▶ [WORK TO BE COMPLETED]: Leaving out the images, reproduce every line of the data that follows exactly.

▶ [PROVIDED DATA]:
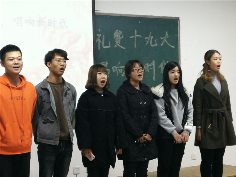 商务外语系唱响红歌礼赞十九大。10月29日晚,商务外语系团总支组织各班级开展了“礼赞十九大唱响新时代”主题红歌比赛。比赛在一首饱含浓厚爱国感情的歌曲《国家》中拉开序幕,17旅游管理2班张轶等六名同学演唱了革命老歌《打靶归来》,唱出了昂扬的气势,点燃了全场观众的情绪,整齐嘹亮的歌声赢得了热烈的掌声,最终获得了本次红歌比赛的第一名。此外,10月27日,系党总支理论学习中心组召开会议,集中学习党的十九大精神,总支书记王治玲同志主持会议。
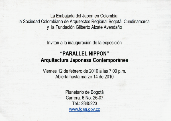 Summary: Invitación a la exposición Parallel Nippon, muestra internacional dedicada a la arquitectura japonesa contemporánea producida entre 1996 y 2006. La exposición, organizada por la Fundación Japón y presentada en Bogotá con el apoyo de instituciones locales, explora los cambios urbanos, sociales y tecnológicos del Japón contemporáneo a través de maquetas, fotografías y material audiovisual. Su itinerancia por Latinoamérica fortaleció los vínculos culturales entre Japón y Colombia en el campo del diseño y la arquitectura.
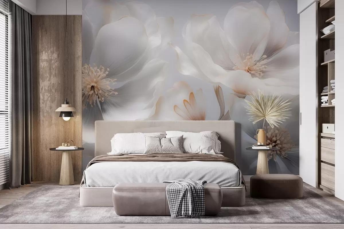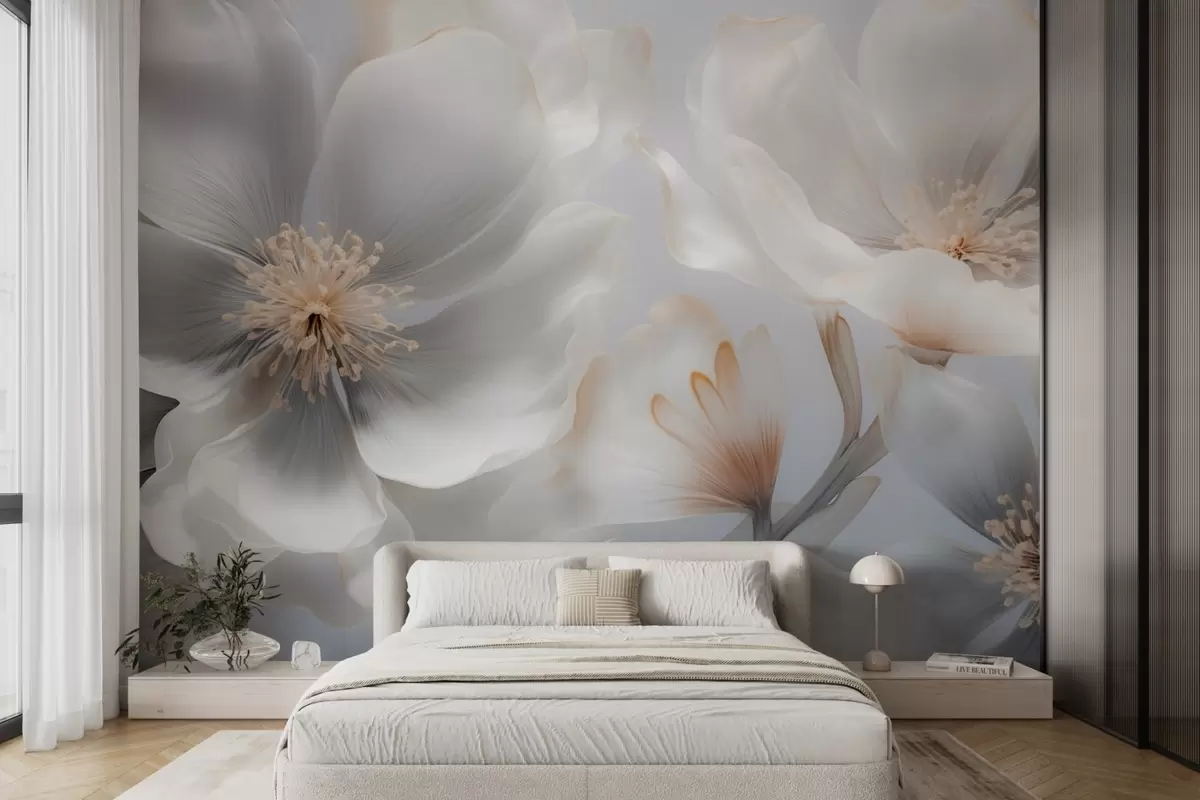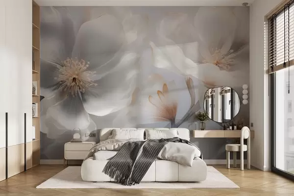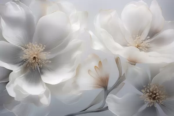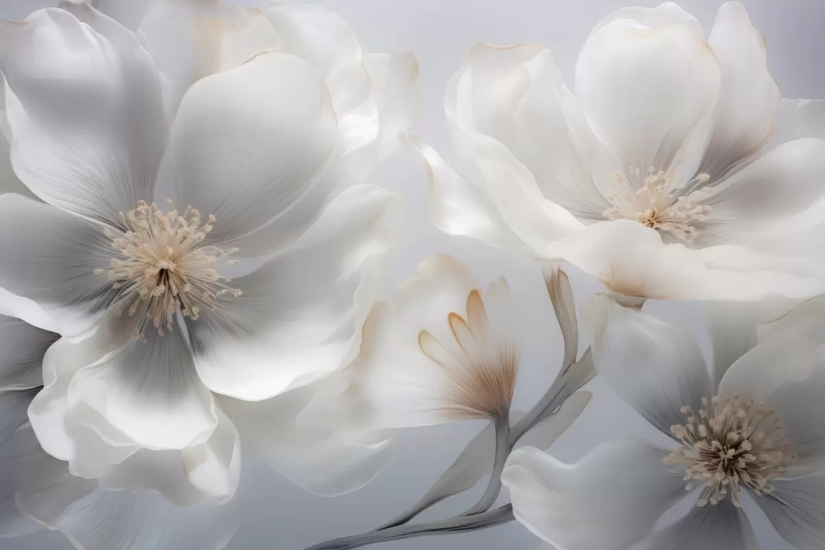 Fototapetak Gyöngyházfényű virágok bézs-szürke és tejkrém színárnyalatokban Nr. w09527

▶ [EXERCISE OUTPUT]:
 商务外语系唱响红歌礼赞十九大。10月29日晚,商务外语系团总支组织各班级开展了“礼赞十九大唱响新时代”主题红歌比赛。比赛在一首饱含浓厚爱国感情的歌曲《国家》中拉开序幕,17旅游管理2班张轶等六名同学演唱了革命老歌《打靶归来》,唱出了昂扬的气势,点燃了全场观众的情绪,整齐嘹亮的歌声赢得了热烈的掌声,最终获得了本次红歌比赛的第一名。此外,10月27日,系党总支理论学习中心组召开会议,集中学习党的十九大精神,总支书记王治玲同志主持会议。
 Summary: Invitación a la exposición Parallel Nippon, muestra internacional dedicada a la arquitectura japonesa contemporánea producida entre 1996 y 2006. La exposición, organizada por la Fundación Japón y presentada en Bogotá con el apoyo de instituciones locales, explora los cambios urbanos, sociales y tecnológicos del Japón contemporáneo a través de maquetas, fotografías y material audiovisual. Su itinerancia por Latinoamérica fortaleció los vínculos culturales entre Japón y Colombia en el campo del diseño y la arquitectura.
 Fototapetak Gyöngyházfényű virágok bézs-szürke és tejkrém színárnyalatokban Nr. w09527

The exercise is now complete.